A crença é a de que herdamos dos nossos antepassados muito mais que características físicas. A técnica virou uma verdadeira febre e, quando conduzida por um bom profissional, o resultado pode ser um arrepio – porém, saudável. E já são cerca de 4.000 consteladores formados no Brasil que atuam em diversas áreas além da psicologia, como em resolução de conflitos judiciais, de problemas empresariais e até em curas de doenças.

A propagação da prática gerou um novo significado para o verbo: “constelar”. É a arte de enxergar-se em um sistema, entendendo seu papel e o dos outros em situações problemáticas. Você leva uma questão que te aflige para ser analisada em uma espécie de encenação. Pessoas desconhecidas representam a pessoa, seus familiares e sentimentos.

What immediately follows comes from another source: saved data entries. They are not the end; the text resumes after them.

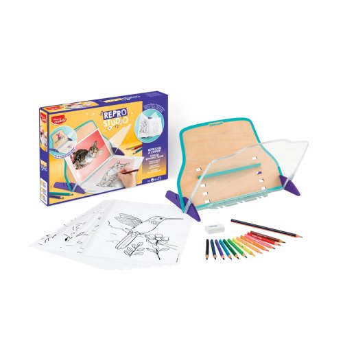 Sada obsahuje:, * magické zrcadlo Repro'Studio, * 12 mini pastelek Maped Strong, * 10 šablon s kresbami, * grafitovou tužku, * pryž
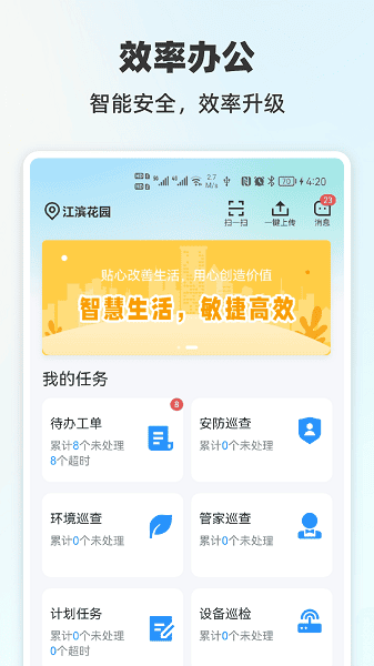 悦服务plusapp给物业工作人员带来更好的办公体验,在线就能通过软件了解各类工单也能与业主用户线上沟通,为业主进行服务,分配任务以及查看工作信息都非常方便!
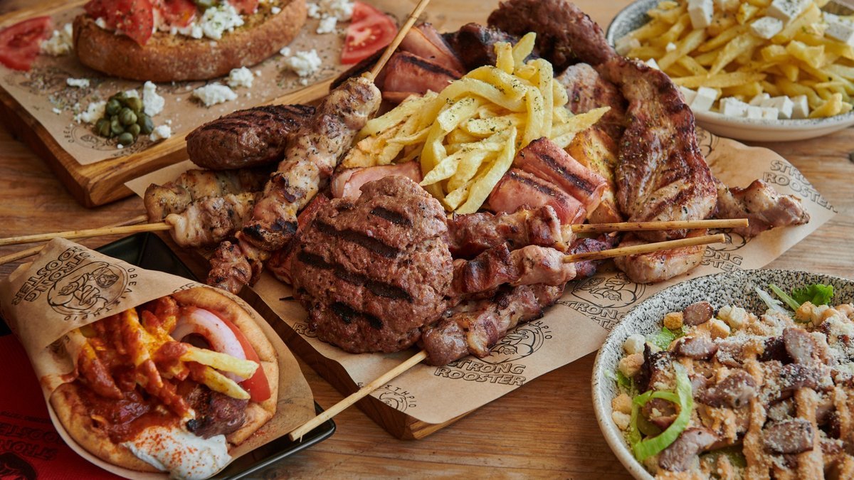Στο 'Strong Rooster' θα βρεις λαχταριστές επιλογές από σουβλάκι, κοντοσούβλι, μερίδες, ποικιλίες, κρεατικά σούβλας και σαλάτες που θα λατρέψεις!
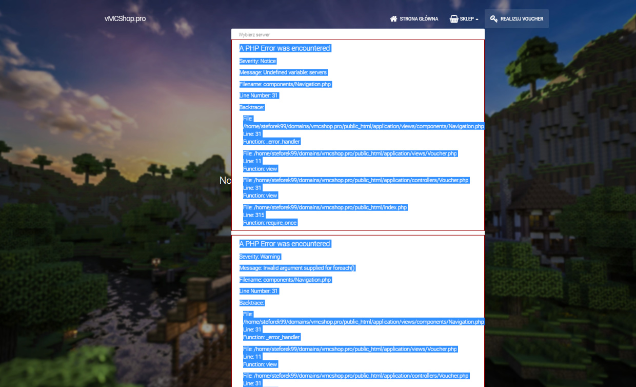 Znalazłem błąd: po przejściu do “Realizuj voucher” i rozwinięciu “Sklep” widzimy taki oto widok:
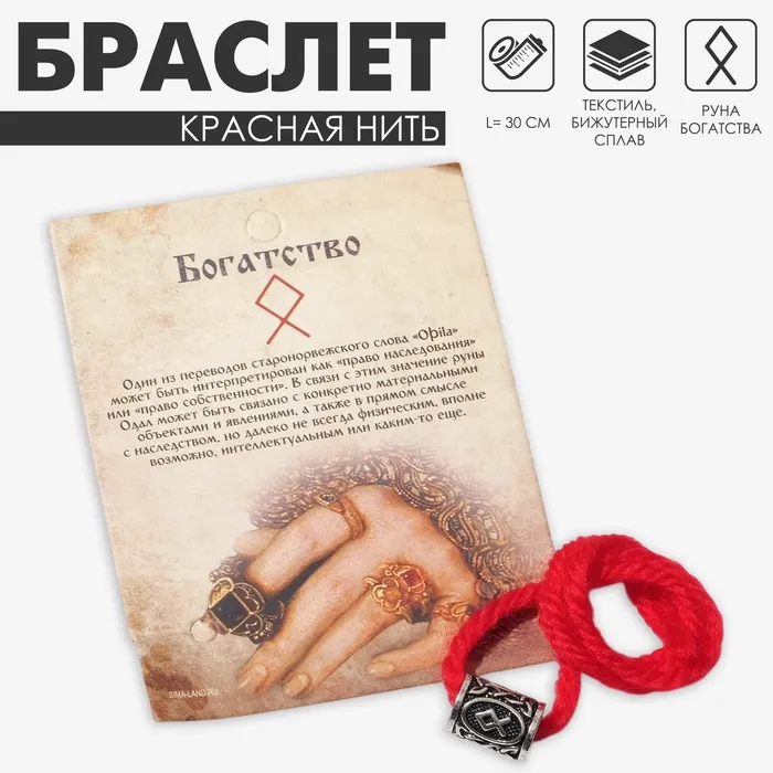Браслет-амулет на нити «Красная нить» с руной богатства, длиной 30 см, выполнен в насыщенном красном цвете с изысканным элементом из чернёного серебра. Этот стильный аксессуар сочетает в себе элегантность и мощную символику, направленную на привлечение финансового успеха, изобилия и благополучия. Универсальный размер позволяет регулировать длину, делая браслет подходящим для любого запястья.

É difícil explicar, principalmente porque é algo que se sente. A melhor forma de compreender seria participando como voluntário ou arriscando-se a ser constelado, se houver algo específico que se queira mudar ou melhorar.

A reportagem de O TEMPO assistiu a três constelações, participou de quatro como representantes e “constelou” ao final. Na primeira que vimos, a constelada foi Carol*, 37. Assim que começou a falar seu problema, ela já chorava. Dizia que não aguentava mais se sentir mãe da própria mãe, “carregar esse peso e mandar em todo mundo”. Posicionadas de frente a ela, as pessoas que representavam os familiares (mãe, pai, avós e ela) iam falando as sensações (raiva, cansaço, arrepios, leveza) que tinham ao se aproximarem uns dos outros, sem saber ainda quem eles estavam representando. “Eles não incorporam ninguém, mas tem uma energia, um calor de forças que a física quântica explica. Os representantes precisam estar bem centrados para que a gente faça essa leitura corporal. Não é teatro, não é mágica, chegamos a um diagnóstico preciso do problema, é uma terapia brevíssima (pode durar de 20 minutos a uma hora)”, explicou o advogado Hércules Randazzo, que faz constelações há 18 anos. Ele ressalta que tudo tem que fazer sentido para o cliente, por isso não pode ser forçado.

Efeito. Dava para ver no rosto de Carol, enxugando as lágrimas, o alívio e a gratidão pelas pessoas que fizeram sua constelação. Ela entendeu que estava repetindo um comportamento da avó e da mãe, que não era dela, e estava pronta para seguir seu caminho. Há uma orientação para não comentar sobre a constelação nos dias seguintes, para que os efeitos possam aparecer.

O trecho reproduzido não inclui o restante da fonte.